Eight Crypto Groups Lobby to Add Blockchain Regulatory Certainty Act to Market Structure Bill
Highlights
- Eight major crypto groups call for the Blockchain Regulatory Certainty Act to be added to the CLARITY Act for developer protection.
- Bipartisan support grows for the BRCA, which safeguards DeFi developers from being treated like traditional financial institutions.
- The CLARITY Act could reshape U.S. crypto regulation, offering clearer rules for digital asset developers and fostering innovation.
Eight crypto policy organizations have joined forces to push Congress to include the Blockchain Regulatory Certainty Act (BRCA) in the forthcoming market structure legislation. The groups insist this amendment is crucial for protecting developers and infrastructure providers in the cryptocurrency and decentralized finance (DeFi) spaces.
Push to Add Blockchain Regulatory Certainty Act to Market Structure Bill
The groups, including the DeFi Education Fund, Coin Center, Solana Policy Institute, Digital Chamber, Blockchain Association, Crypto Council for Innovation, Bitcoin Policy Institute, and Paradigm, have issued a joint statement urging Congress to add the BRCA to the Market structure legislation. They believe the inclusion of BRCA would provide essential regulatory safeguards to developers who do not hold or control customer funds.
“We are united in our commitment to protecting the software developers building our financial future,” said the organizations in their statement. Many in the industry see the BRCA as a safeguard, in particular for decentralized finance (DeFi) developers who do not want to unfairly be treated like traditional financial institutions.
While blockchain developers are building non-custodial software, the groups say they should not be forced to comply with business regulations which govern entities that keep customer assets. “It’s critically important that we don’t treat open-source developers like traditional financial institutions,” stated one policy lead, emphasizing the importance of clear regulatory distinctions.
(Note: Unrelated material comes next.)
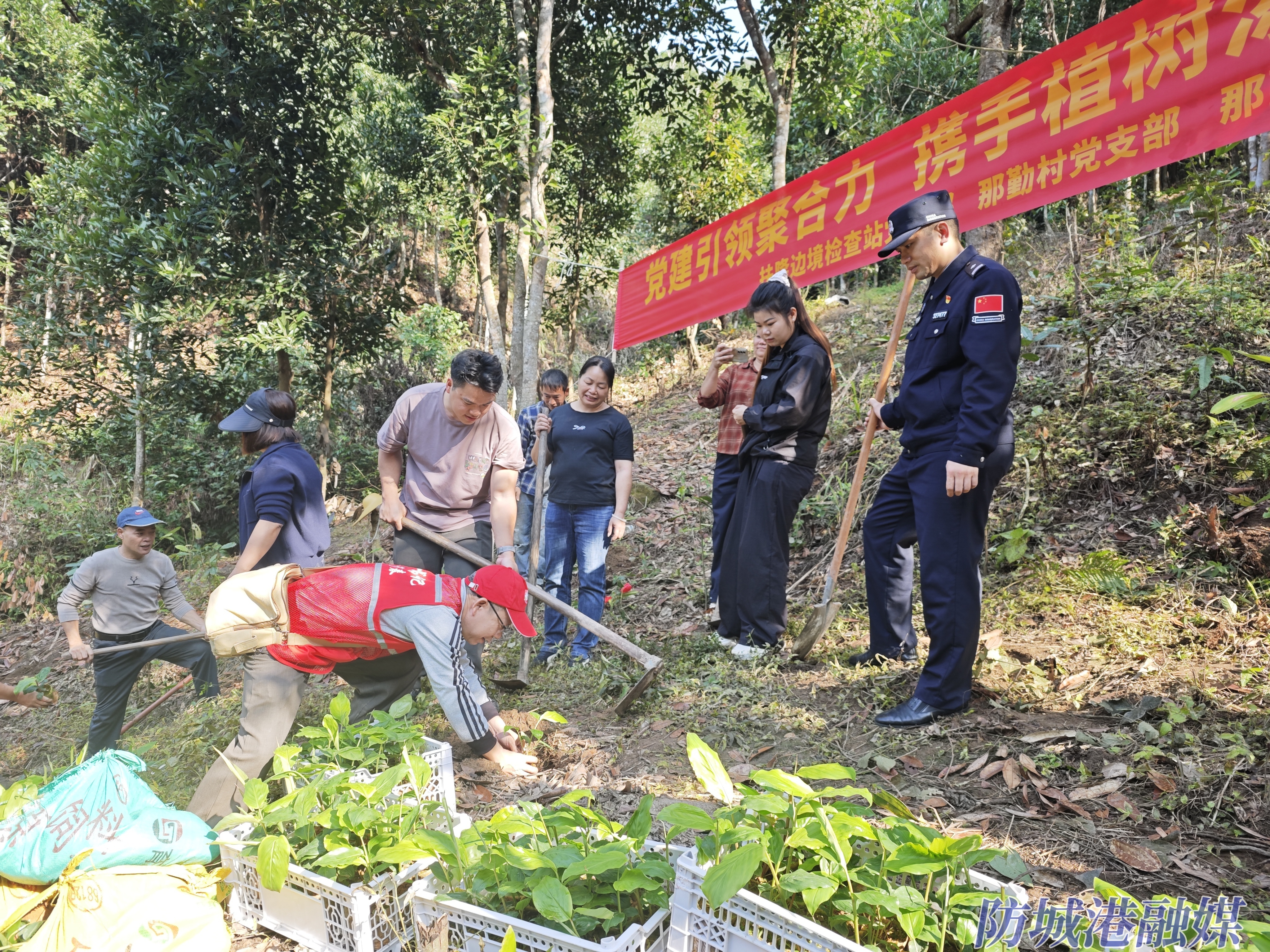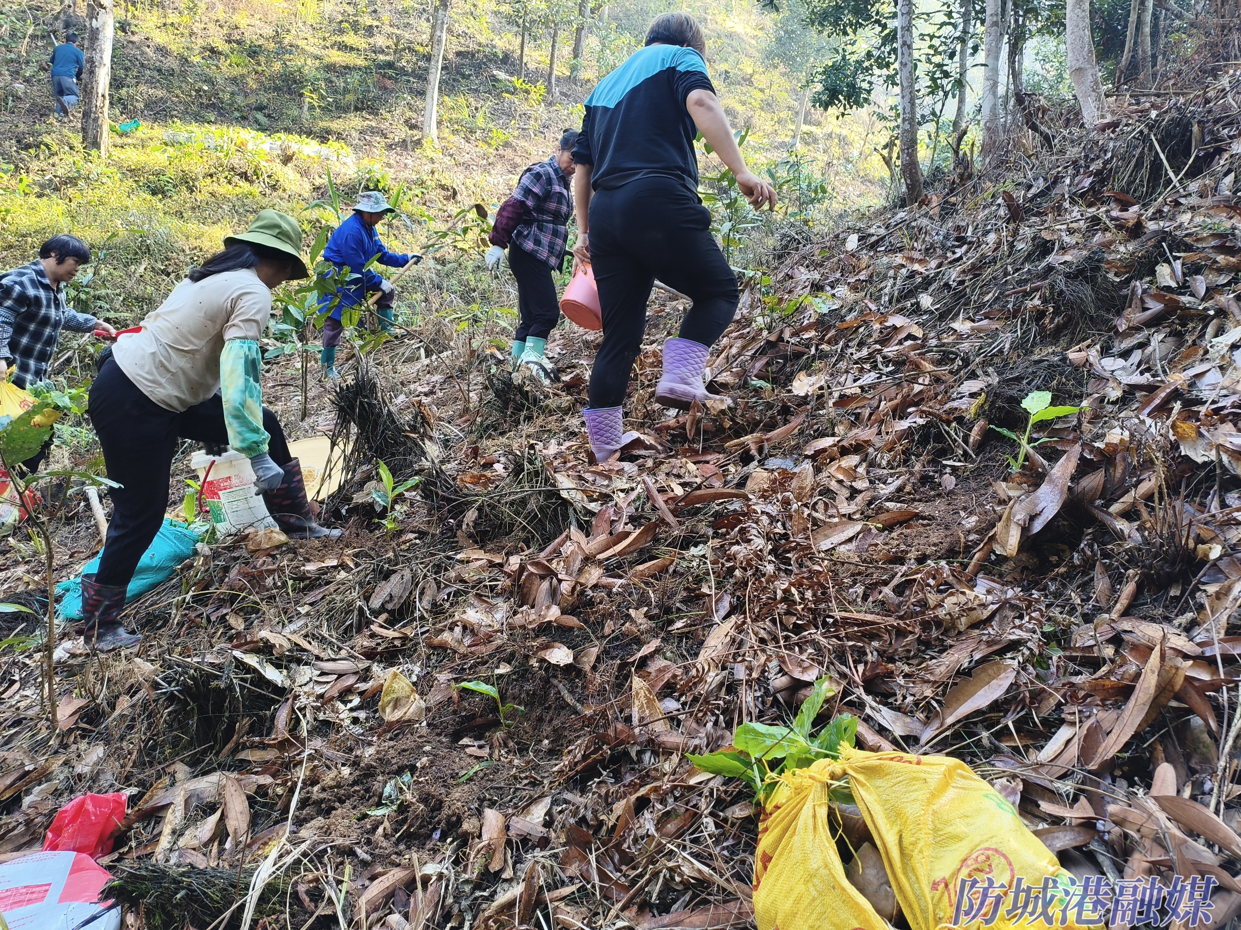 3月12日,在广西十万大山南麓的防城区扶隆镇那勤村,70亩肉桂林间一派忙碌,村“两委”干部、驻村工作队与农户携手开展草豆蔻前期种植工作。

Bipartisan Support for the Blockchain Regulatory Certainty Act
The Blockchain Regulatory Certainty Act (BRCA) was introduced by Rep. Tom Emmer and is now backed by Rep. Ritchie Torres, receiving bipartisan support. According to the groups, the amendment addresses a key concern within the industry: the misapplication of financial regulations to blockchain service providers that do not engage in money transmission.
That would prevent developers and service providers who don’t fit this narrative from being wrongly categorized as “money transmitting businesses,” which imposes a huge compliance burden.
The BRCA was also highlighted by the groups as the key to encouraging innovation and giving developers the regulatory certainty they need to operate securely in a shifting digital asset environment. They also encouraged lawmakers to adopt the amendment in order to ensure that the United States remains a global leader in blockchain technology and DeFi innovation.
CLARITY Act Potential to Shape Crypto Regulation
The Digital Asset Market Clarity Act, which is being reviewed by Congress, aims to bring greater clarity to the regulation of digital assets. According to Ripple’s Chief Legal Officer Stuart Alderoty, the CLARITY Act is a big step forward in the quest to establish a complete regulatory environment around the crypto market.
Alderoty believes that the bill could be a standard for future crypto policies. According to him, the introduction of CLARITY Act reflects a growing understanding by lawmakers of the significance of blockchain and its distinguishing features.
While the Market Structure Bill has also been well supported by many in the crypto industry, not all lawmakers support it. Rep. Maxine Waters has voiced concerns about the influence of figures like US President Donald Trump on crypto legislation. Waters has described the market structure bill as part of broader “crypto corruption,” casting doubt on the motivations behind the bill.